Ethan Baron, The Mercury News on

Published in Automotive News

A judge has found Black workers faced years of widespread “race harassment” at Tesla’s Fremont electric car factory, opening the door for thousands more claims charging the automaker with mistreatment.

Alameda County Superior Court Judge Noël Wise, in a Friday ruling on a lawsuit by Black former Tesla workers, cited more than 500 declarations from Tesla workers who swore under oath that they experienced or observed racial abuse.

Of more than 200 Black workers who gave sworn statements for the lawsuit, about two-thirds said they saw anti-Black graffiti including nooses, racial slurs and swastikas, and about three-quarters said they heard Tesla workers refer to the Fremont plant as “The Plantation” or the “Slave Ship,” according to a court filing. A quarter said higher-ups called them the n-word.

The statements, and others provided to the court by Tesla, “suggest that over a period of approximately eight years Tesla workers in the Fremont factory heard the n-word and otherwise experienced conditions that might reasonably be characterized as race harassment,” Wise wrote.

Bryan Schwartz, an Oakland lawyer representing current and former Black workers in the case, described the judge’s statement as “an incredibly significant finding.”

“Have you ever heard of a similar statement being made about any other employer? I’m not aware of a case where there’s been so many victims of harassment at a single facility over such a long period of time,” Schwartz said.

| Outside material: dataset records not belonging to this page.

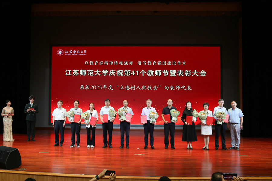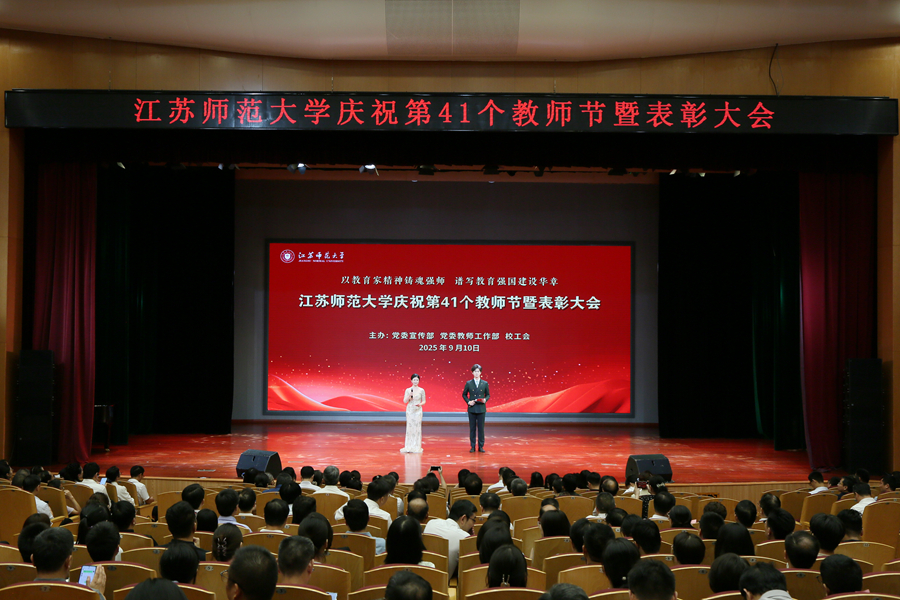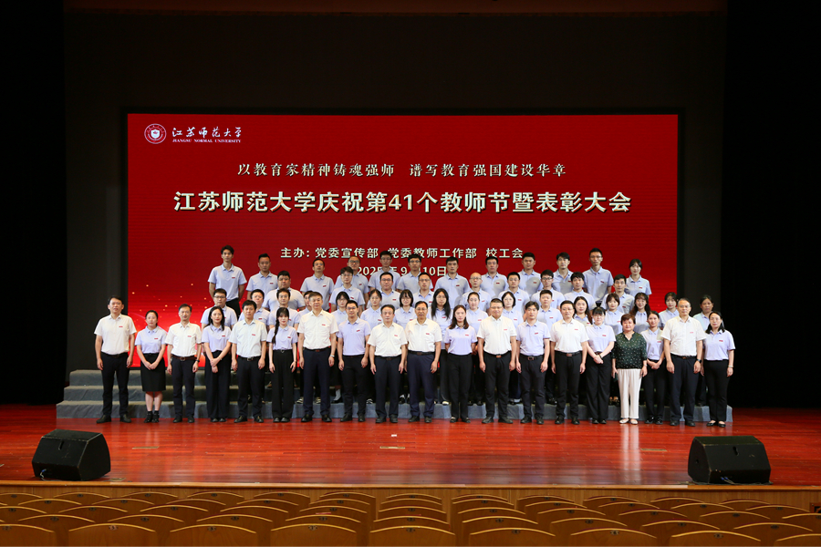 9月10日下午,江苏师范大学举办“以教育家精神铸魂强师,谱写教育强国建设华章”为主题的庆祝第41个教师节暨表彰大会。在校全体校领导、江苏省教育基金会副秘书长张虎成、各学院党政负责人、机关部门和直属单位主要负责人、教师代表、接受表彰的先进集体和个人代表、从事教育教学30周年教师代表、退休教师代表、新入职教师和学生代表参加表彰大会。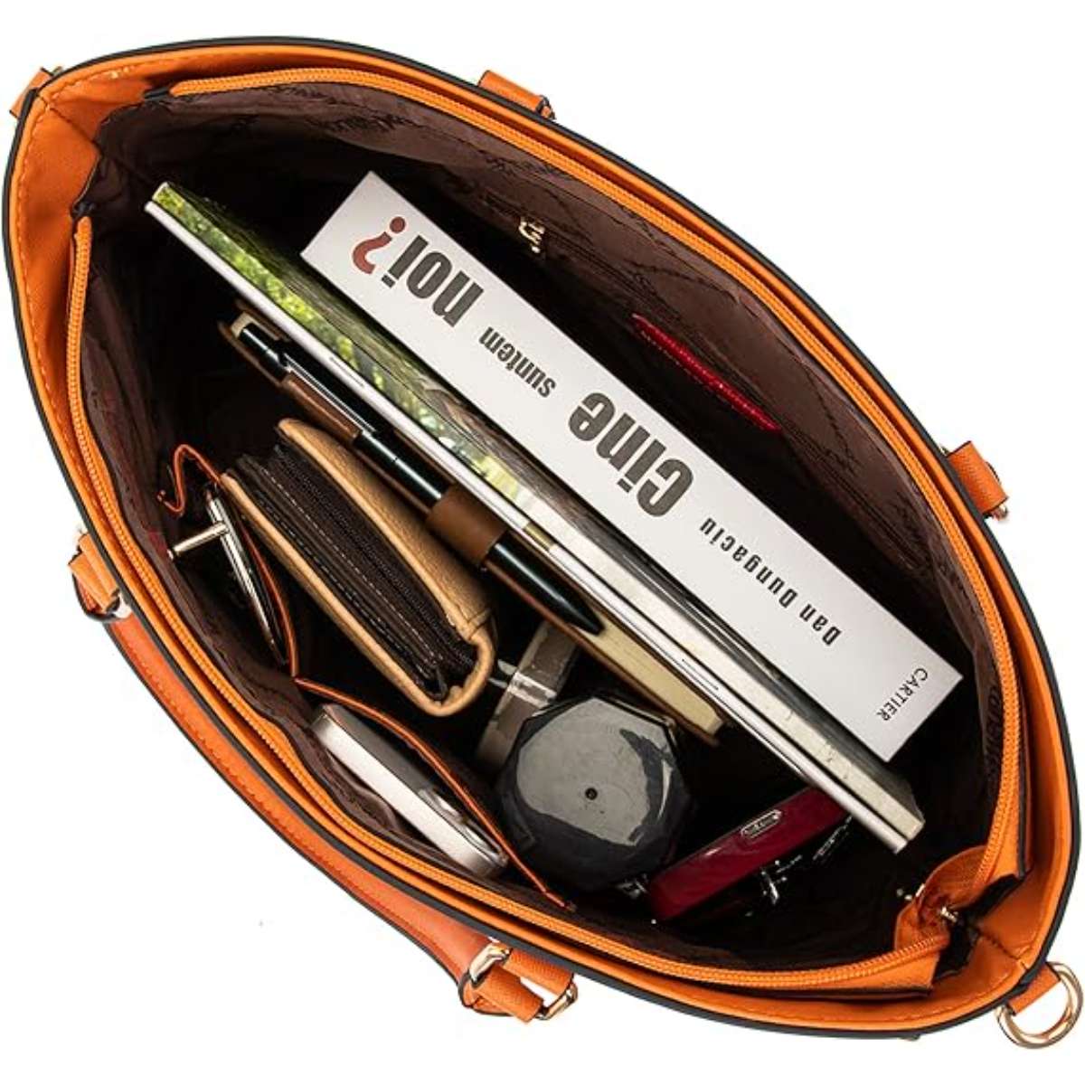 [Superb Material] This womens tote purse made of PU leather. The stitching is well made as smoothly to touch. The linging of this tote bag purse was used the supreme cloth. There's no chemical left in this women's purse. 3pcs in 1 set, it is convenient for you.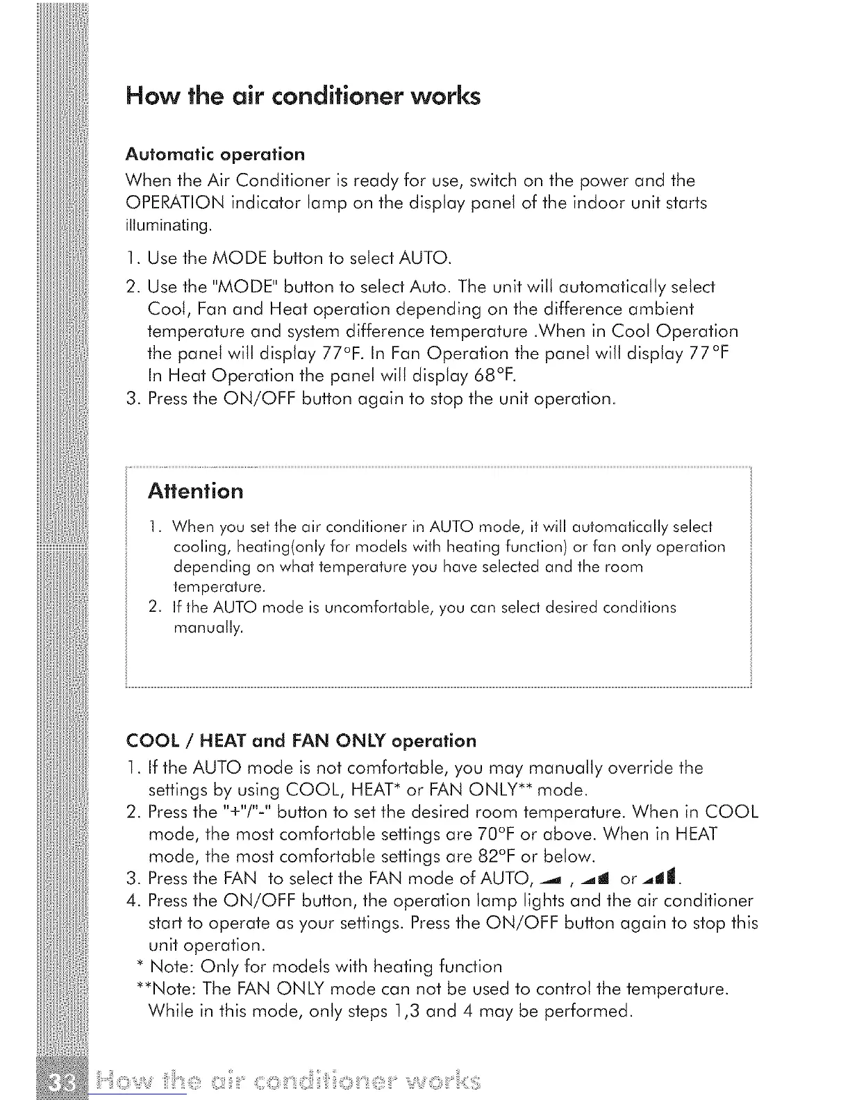 1. When you set the air conditioner in AUTO mode, it will automatically select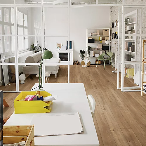 - In an attractive dark oak effect plank design with a water resistant surface. Each plank uses a drop-click fitting system, so installation is quick and simple.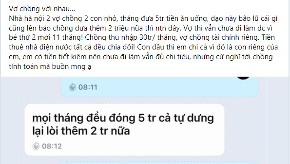 Hai vợ chồng sống ở Hà Nội. Từ khi kết hôn đến nay, hai vợ chồng chị đều tự chủ tài chính, tiền ai người nấy giữ, mỗi tháng người chồng sẽ góp 5 triệu để chi tiêu sinh hoạt trong nhà.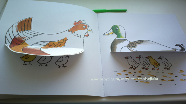Этот разворот очень меня тронул- такие милые и заботливые мамочки -курочка и уточка.Тигран как увидел деток, то сказал: "Мама, я тоже хочу к тебе под крылышко!"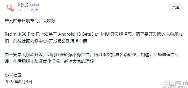 相比之下,今年MIUI基于新版系统的内测虽然更早(8月中旬小米12系列首发),但官方曾明确表示其基于“Android 13 Beta3”。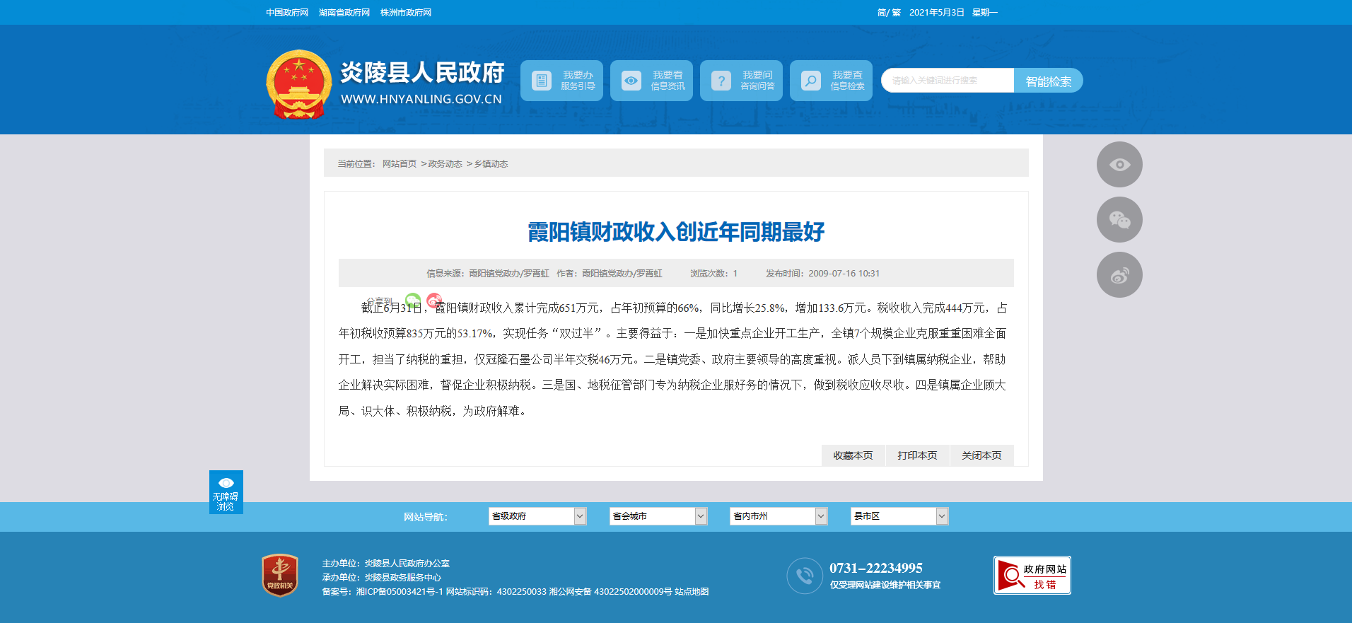 截止6月31日,霞阳镇财政收入累计完成651万元,占年初预算的66%,同比增长25.8%,增加133.6万元。税收收入完成444万元,占年初税收预算835万元的53.17%,实现任务“双过半”。主要得益于:一是加快重点企业开工生产,全镇7个规模企业克服重重困难全面开工,担当了纳税的重担,仅冠隆石墨公司半年交税46万元。二是镇党委、政府主要领导的高度重视。派人员下到镇属纳税企业,帮助企业解决实际困难,督促企业积极纳税。三是国、地税征管部门专为纳税企业服好务的情况下,做到税收应收尽收。四是镇属企业顾大局、识大体、积极纳税,为政府解难。

Tesla did not respond to requests for comment Wednesday on the lawsuit and claims in other similar legal actions.

Wise’s determination follows a federal judge’s finding last year of “awful, pervasive racism” at the facility — which makes the company’s Model S, Y, X and 3 cars — and “Tesla’s repeated failure to rectify it.”

Wise’s order approved class-action status for the lawsuit, but ruled that it could not result in Tesla paying damages to affected workers. The court now will try to answer three central questions about how Black workers were treated in the plant, and find out whether there is currently pervasive racial abuse at the facility that needs to be addressed through a court order against Tesla.

The hundreds or thousands of workers who may wish to seek damages from Tesla over their treatment at the factory must file separate, individual lawsuits, and answers to the three questions would “establish common facts” to simplify those cases, Wise wrote.